Task: The listing below should be printed in full and exactly, apart from its images.

Recorded information:
+ + + + + + +
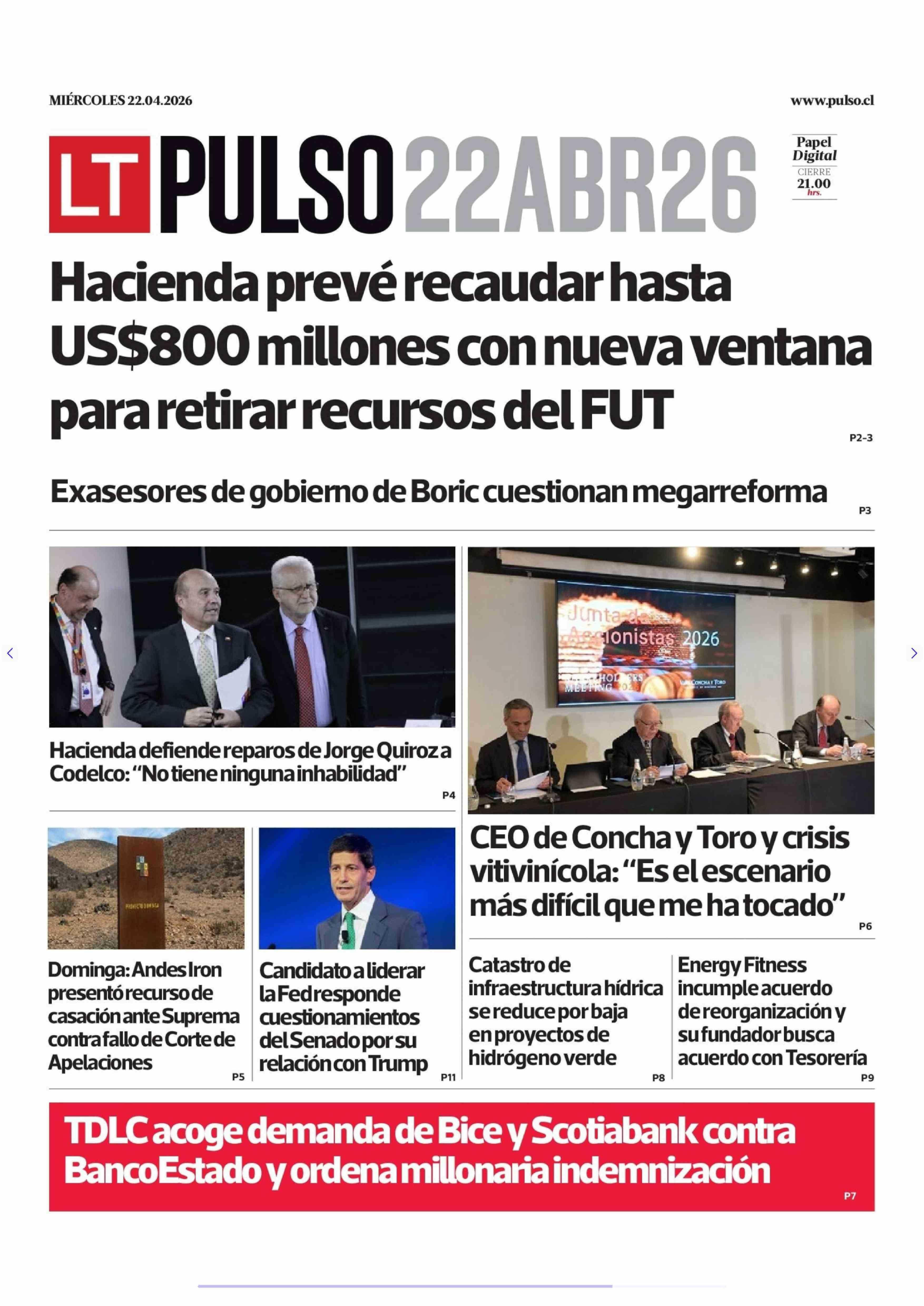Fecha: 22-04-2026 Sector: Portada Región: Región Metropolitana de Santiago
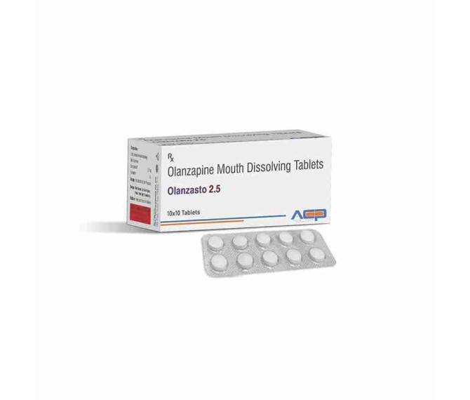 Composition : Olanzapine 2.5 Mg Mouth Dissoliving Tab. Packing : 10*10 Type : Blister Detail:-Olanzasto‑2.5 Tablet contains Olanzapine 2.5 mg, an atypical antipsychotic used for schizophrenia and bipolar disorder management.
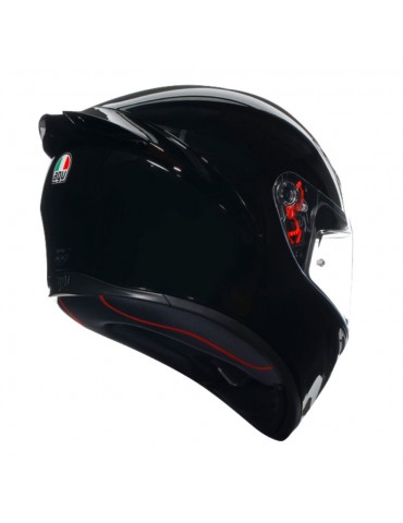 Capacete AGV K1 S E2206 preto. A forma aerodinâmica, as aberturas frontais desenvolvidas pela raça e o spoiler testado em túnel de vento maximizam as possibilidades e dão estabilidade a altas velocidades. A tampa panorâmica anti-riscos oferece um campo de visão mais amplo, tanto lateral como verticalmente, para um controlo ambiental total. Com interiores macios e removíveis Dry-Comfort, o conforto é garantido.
+ + + + + + +
Task output:
Fecha: 22-04-2026 Sector: Portada Región: Región Metropolitana de Santiago
 Composition : Olanzapine 2.5 Mg Mouth Dissoliving Tab. Packing : 10*10 Type : Blister Detail:-Olanzasto‑2.5 Tablet contains Olanzapine 2.5 mg, an atypical antipsychotic used for schizophrenia and bipolar disorder management.
 Capacete AGV K1 S E2206 preto. A forma aerodinâmica, as aberturas frontais desenvolvidas pela raça e o spoiler testado em túnel de vento maximizam as possibilidades e dão estabilidade a altas velocidades. A tampa panorâmica anti-riscos oferece um campo de visão mais amplo, tanto lateral como verticalmente, para um controlo ambiental total. Com interiores macios e removíveis Dry-Comfort, o conforto é garantido.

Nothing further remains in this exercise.